Your instructions
Please output the data exactly, minus pictures.

━━━ Collected material ━━━

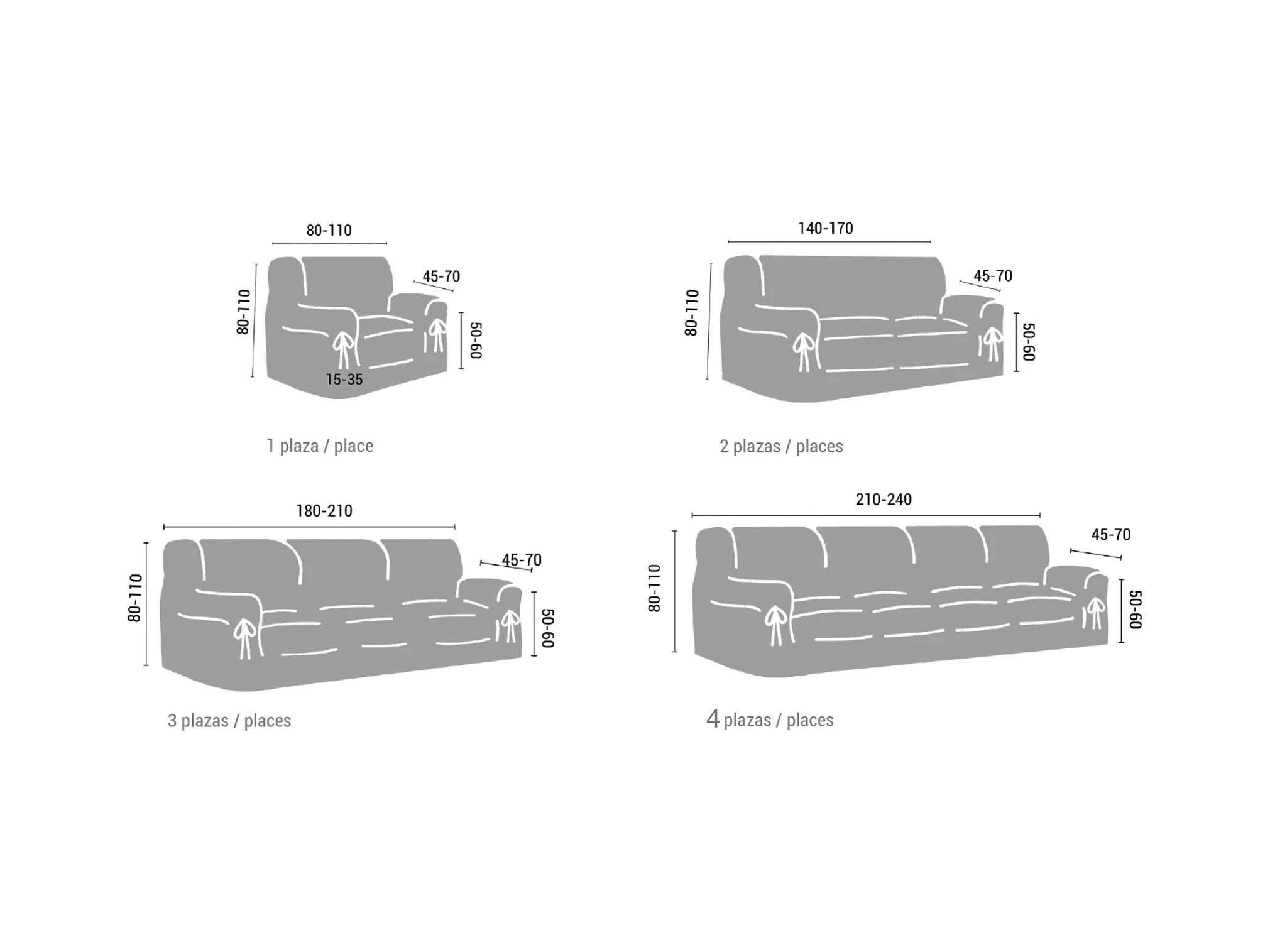 ESTORALIS | Funda de Sofá Tejido Elastico Resistente | Para Sillon 1 Plaza | Tamaño ( de 70 a 110 cm. ) | Modelo BERTA Color Antracita
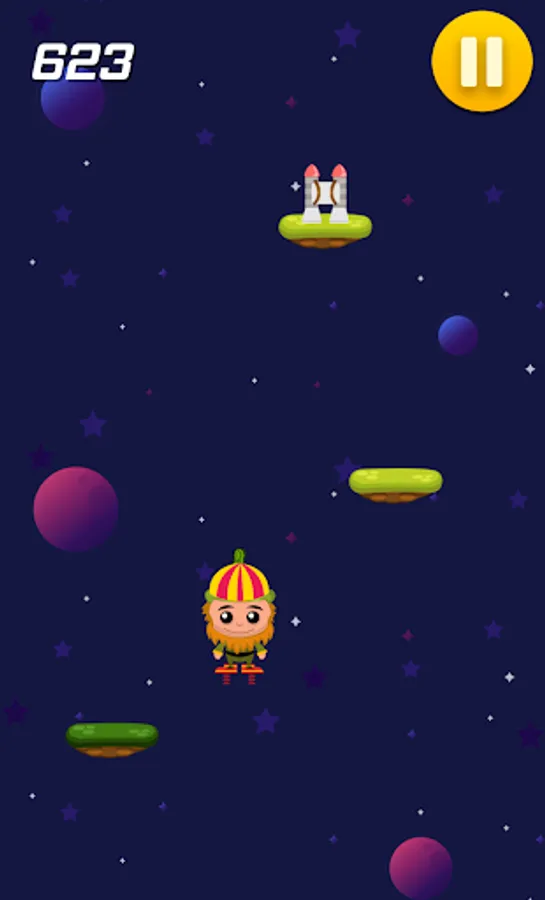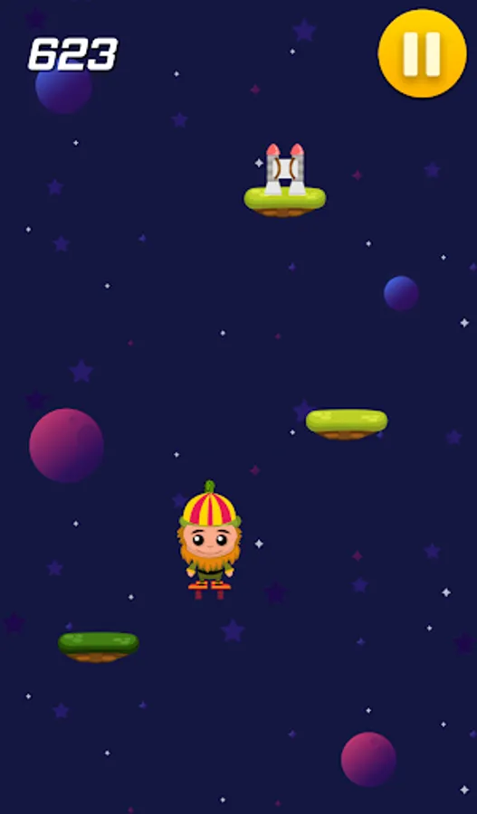 Jump on platforms with trampoline, spring boots and rocket ship to score higher.
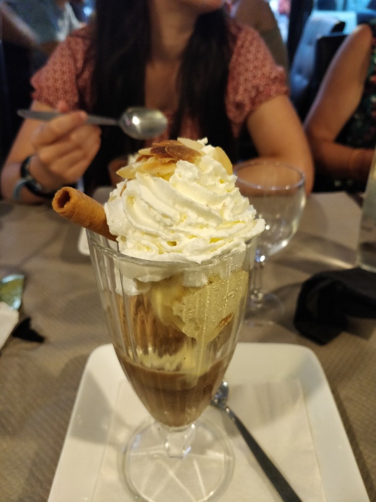 On a très bien mangé, malgré ma petite déception quand ils nous ont annoncés qu’il n’y avait plus de Banana Split !

━━━

Result
 ESTORALIS | Funda de Sofá Tejido Elastico Resistente | Para Sillon 1 Plaza | Tamaño ( de 70 a 110 cm. ) | Modelo BERTA Color Antracita
 Jump on platforms with trampoline, spring boots and rocket ship to score higher.
 On a très bien mangé, malgré ma petite déception quand ils nous ont annoncés qu’il n’y avait plus de Banana Split !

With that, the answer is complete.